Marx propõe que a Igreja Católica rediscuta seu pensamento e ensino em termos de moralidade sexual e abandone as atitudes de "rigorismo cego". De acordo com o Cardeal, seria difícil dizer de fora se alguém está em estado de pecado mortal. Um princípio que pode ser aplicado a homens e mulheres em situações irregulares, mas também a quem vive uma relação homossexual.
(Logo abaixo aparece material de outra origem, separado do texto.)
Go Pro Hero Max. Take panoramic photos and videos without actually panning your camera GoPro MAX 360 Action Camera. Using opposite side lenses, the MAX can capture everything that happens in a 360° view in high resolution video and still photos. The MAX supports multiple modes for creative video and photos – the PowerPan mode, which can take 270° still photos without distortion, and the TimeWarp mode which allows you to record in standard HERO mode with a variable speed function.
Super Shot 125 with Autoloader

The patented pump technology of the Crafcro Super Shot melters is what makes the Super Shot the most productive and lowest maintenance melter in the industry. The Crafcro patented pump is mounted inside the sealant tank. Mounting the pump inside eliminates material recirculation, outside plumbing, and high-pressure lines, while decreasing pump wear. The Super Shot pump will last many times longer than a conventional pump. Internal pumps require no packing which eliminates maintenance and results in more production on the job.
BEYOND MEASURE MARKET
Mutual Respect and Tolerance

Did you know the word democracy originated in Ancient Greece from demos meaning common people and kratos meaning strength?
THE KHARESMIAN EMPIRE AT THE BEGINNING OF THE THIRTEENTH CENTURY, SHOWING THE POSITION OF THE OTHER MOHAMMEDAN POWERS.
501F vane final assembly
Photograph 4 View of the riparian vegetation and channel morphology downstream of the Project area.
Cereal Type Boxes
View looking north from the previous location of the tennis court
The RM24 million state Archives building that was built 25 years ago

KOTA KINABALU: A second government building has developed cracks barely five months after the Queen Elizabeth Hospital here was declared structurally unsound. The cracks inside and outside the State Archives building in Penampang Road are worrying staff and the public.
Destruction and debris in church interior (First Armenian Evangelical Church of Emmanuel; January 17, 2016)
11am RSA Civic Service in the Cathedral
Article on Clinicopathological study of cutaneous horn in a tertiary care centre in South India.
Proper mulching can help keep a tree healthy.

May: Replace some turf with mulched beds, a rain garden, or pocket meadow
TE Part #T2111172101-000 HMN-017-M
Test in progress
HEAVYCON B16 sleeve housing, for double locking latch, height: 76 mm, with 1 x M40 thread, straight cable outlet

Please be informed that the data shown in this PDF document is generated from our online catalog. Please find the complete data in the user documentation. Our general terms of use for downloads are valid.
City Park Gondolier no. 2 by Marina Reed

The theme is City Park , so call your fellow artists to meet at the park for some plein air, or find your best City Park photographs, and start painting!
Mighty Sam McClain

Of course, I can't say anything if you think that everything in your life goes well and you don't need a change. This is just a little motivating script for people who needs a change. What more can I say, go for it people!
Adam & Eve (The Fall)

É evidente por um lado, o influxo de ambiguidade criado pelas notas de rodapé de Amoris Laetitia e, por outro lado, o desejado abandono dos critérios claramente estabelecidos pelo que, até prova em contrário, é a "Magna Carta" do ser católico, isto é, o Catecismo .
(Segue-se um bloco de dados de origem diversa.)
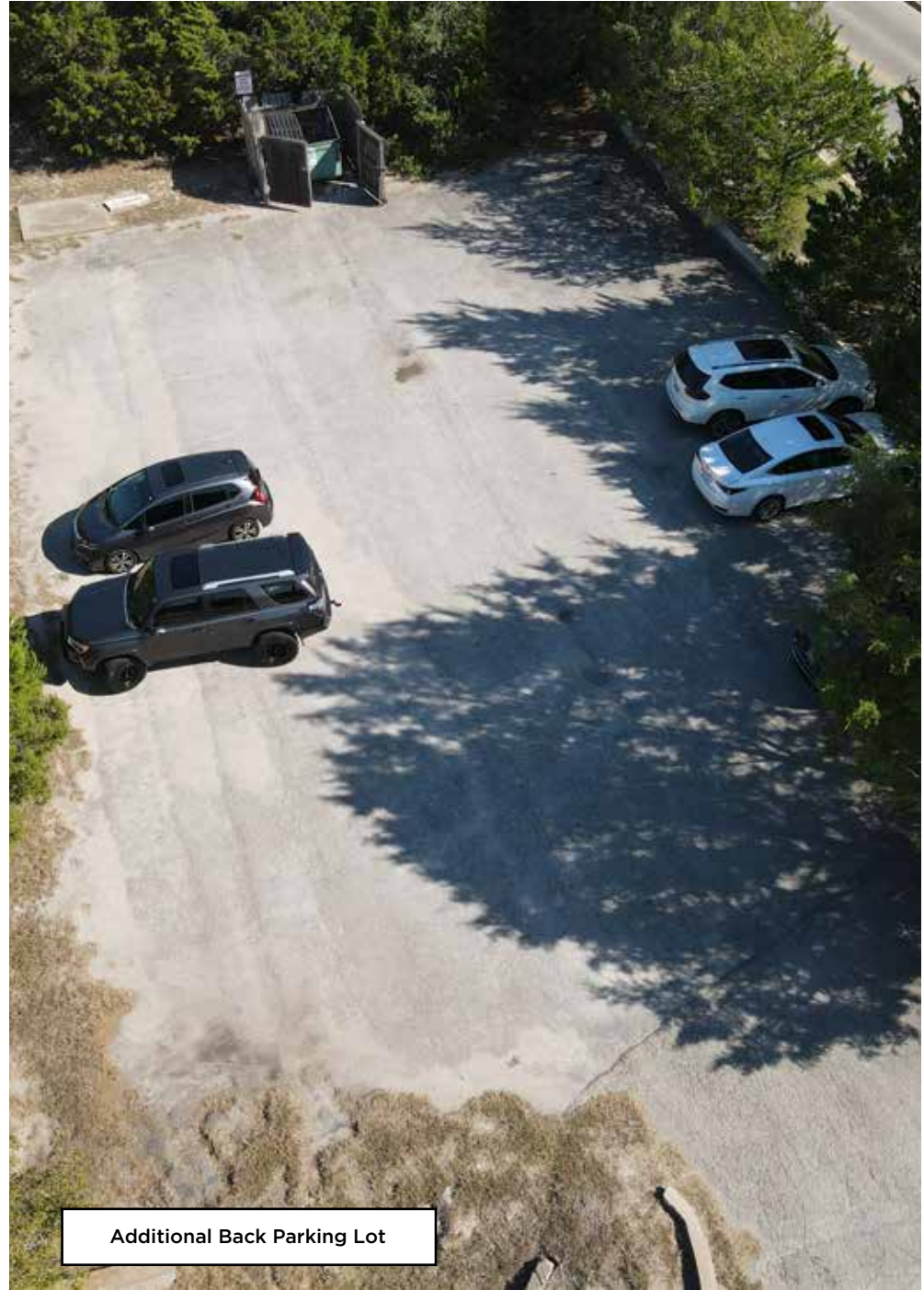
Additional Back Parking Lot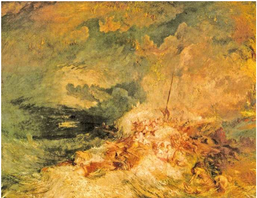
J. M. W. Turner. Fire at Sea. 1834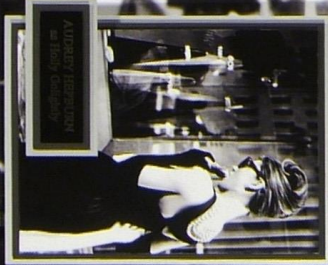
Audrey Hepburn in 'Breakfast at Tiffany's'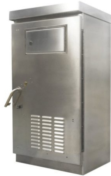
Eagle EL708 Cabinet

Eagle Traffic Control Systems continues our 80+ year history of providing excellence in the ever evolving traffic industry. All of Eagle's products are developed with the highest standards of engineering and manufacturing. Eagle maintains a superior level of integrity in interactions with all of our business partners and customers. We also take tremendous pride in being model corporate citizens.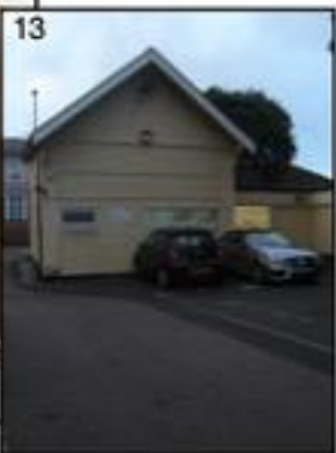
13. This building, previously the Tourist Information Centre, was home to an open air theatre during the first half of the 20th century (far left). It was entered from Manor Gardens with seating on the present car park. Many seasonal concert parties played there.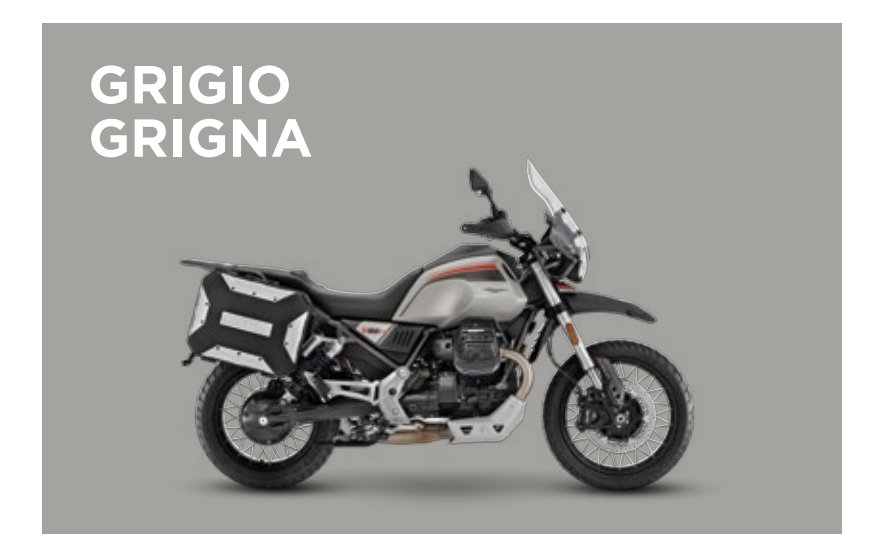
V85 TT TRAVEL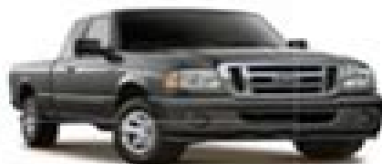
Dark Shadow Grey Metallic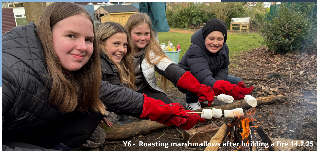
Y6 - Roasting marshmallows after building a fire 14.2.25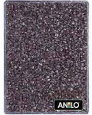
ANL2679 1.5/2.5 mm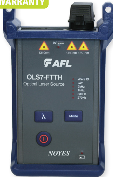
OLS7 Optical Laser Source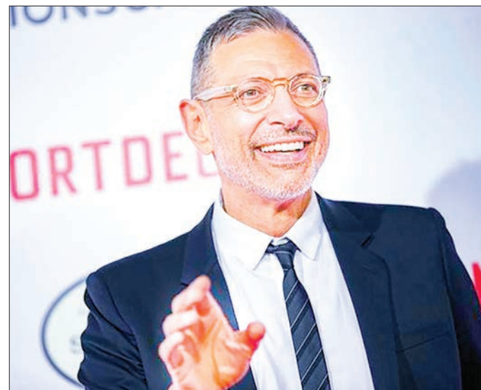
Jeff Goldblum.

Featuring new series regulars Chris Pratt and Bryce Dallas Howard, the film is slated to release on 22 June next year.—PTI ■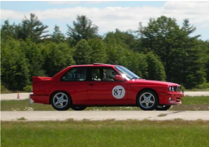
Here are a couple of snap shots from the regular competition runs at the Ladies day at the Races event at Barstow Airport.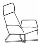
MA/1P/L w_81 d_83 h_111 sh_41

Para Marx, "deve haver respeito por uma decisão tomada em liberdade" e "pela consciência de cada um". Não só isso: deve-se levar em conta as "circunstâncias concretas", e lembrar-se da "responsabilidade de cada um à luz do Evangelho". Embora naturalmente "deva-se também escutar a voz da Igreja".

Por sua vez, Mons. Bode falava ao jornal Neue Osnabrücker Zeitung. "Eu acredito que devemos discutir esse problema com mais detalhes dentro da Igreja"; porque, acrescentou, não se deve "continuar a manter o silêncio" sobre esses temas. A proposta que ele gostaria de discutir diz respeito a alguma forma de "benção" para os casais homossexuais, mesmo que isso não deva ser confundido com um casamento. Bode pergunta, a respeito dos casais homossexuais: "Como lhes faremos justiça? Como os acompanhamos pastoral e liturgicamente?” Mais geralmente, Bode, que participou dos Sínodos da Família, sugere reconsiderar a posição da Igreja em relação à homossexualidade ativa, que é considerada um pecado grave. "Devemos refletir sobre o problema de como julgar a relação entre duas pessoas homossexuais de forma diferenciada. Não há nessa tanto de positivo, de bom e de justo, para o que nós devamos ser mais justos? "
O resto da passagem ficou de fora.